Amazon AWS, upon which Dropbox relies, is open to all, not just Dropbox. Even
Xen, upon which Amazon relies, is open to all, not just Amazon. Things are
still very primitive and there's ample room, and plenty of motivation (e.g.
data privacy), for experimentation.

Besides prgmr, who else is offering Xen-based "cloud" (=hosting)? Are there a
wealth of Xen-based alternatives (that could support "Dropbox" like
functionality)?

------
lutusp
The original title: "Dropbox - A nebulous future"

The title of this thread: "Dropbox - A nebolous future"

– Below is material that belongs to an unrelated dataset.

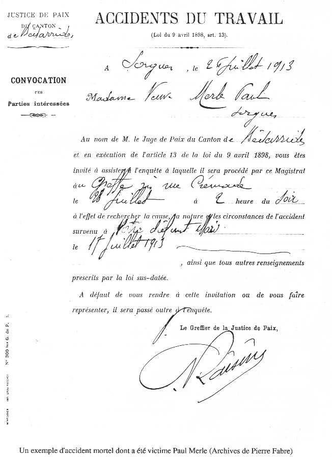 Les fabricants ne se préoccupent guère de savoir si leurs ouvriers ont peu ou prou d'eau nécessaire à leur propreté corporelle (14). Pas de lieux d'aisances ou ceux qui existent ne peuvent servir en aucune façon (15). Dans toutes les fabriques, les courroies de transmissions ne sont absolument pas protégées. C'est la source de graves accidents . Leur multiplicité n'amène pas les fabricants à doter leurs machines-outils de garde-corps (16). Parmi les nombreux drames survenus au cours des dix premières années de ce siècle, celui de Jules JOUVE mérite d'être conté. Jules JOUVE a 20 ans. Il travaille à la SOCIETE DES PHOSPHATES ET ENGRAIS CHIMIQUES DU SUD-EST, usine de la Grange des Roues. Employé au transport de l'engrais le 18 août 1913, il est pris entre une poulie et une courroie de transmission. Il a les deux bras broyés, et le haut de la cuisse gauche porte une forte plaie produite par l'éclatement de la peau. Voici la relation qu'en donne le Directeur : "Dans la nuit du 18 au 19 août, vers les 9 heures et demie du soir, j'ai été appelé par un de mes ouvriers qui venait m'informer qu'un accident grave venait d'arriver à son neveu Jules JOUVE, ouvrier comme lui. Je me suis rendu immédiatement sur les lieux et j'ai trouvé en effet Jules JOUVE allongé par terre, dans la salle des anciennes bluteries, paraissant souffrir beaucoup et j'ai constaté qu'il avait les deux bras inertes, sanglants, broyés, la cuisse gauche ouverte entre le genou et l'aine ; le contremaître et les camarades étaient déjà auprès de lui et lui mouillaient la tête pour le secourir. Personne n'a pu se rendre compte comment l'accident est arrivé. Je suis retourné immédiatement chez moi chercher du linge, des cordiaux, pour procéder aux premiers pansements ; pendant ce temps, je faisais prévenir le Docteur Roche d'avoir à se rendre sans retard auprès du blessé. Le Docteur Roche, à son arrivée, a examiné le blessé, a procédé au pansement sommaire des deux bras, au lavage de la plaie de la cuisse. Puis il m'a déclaré qu'il considérait les deux bras comme à peu près perdus et qu'il n'y avait pas à Sorgues les moyens nécessaires pour procéder aux opérations très sérieuses qu'importait la situation et il m'a conseillé de faire transporter le blessé à l'hôpital d'Avignon. Je l'ai immédiatement fait mettre sur une jardinière, sur un matelas enveloppé de couvertures, j'ai pris moi-même une autre voiture et l'ai accompagné à l'hôpital d'Avignon. Après l'avoir remis aux mains du personnel, je me suis retiré vers les 3 heures du matin, comptant aller le revoir avec sa famille dans la journée lorsque, vers les 10 heures, le 19, j'ai été informé que le blessé était décédé et qu'on me chargeait en même temps d'en informer la famille, ce que je fis tout de suite. (17). " Jules JOUVE n'avait pas de parent direct, à l'exception de sa mère impotante. A l'enquête sur les causes de l'accident, il n'y aura pas d'autre témoignage que celui de son employeur non présent sur les lieux au moment du drame.

Moral: For God's sake, either learn how to spell or COPY your titles, don't
presume to type them in.

Since spelling is beyond you, here's a copying primer:

1\. Use your mouse to select the title from the original page.

2\. Press Ctrl+C (Copy).

3\. Open a new HN submission form.

4\. Press Ctrl+V (Paste).

Very simple. Apparently simpler than learning to spell.

A quibble? Not at all. A misspelled word in the title of an HN submission
prevents searching by keyword and therefore consigns the entire submission to
the great bit-bucket in the sky.

------
ErikAugust
I've said it before - Dropbox to Apple would have been an amazing fit since
iCloud is meh. Damn you Internet over-valuations.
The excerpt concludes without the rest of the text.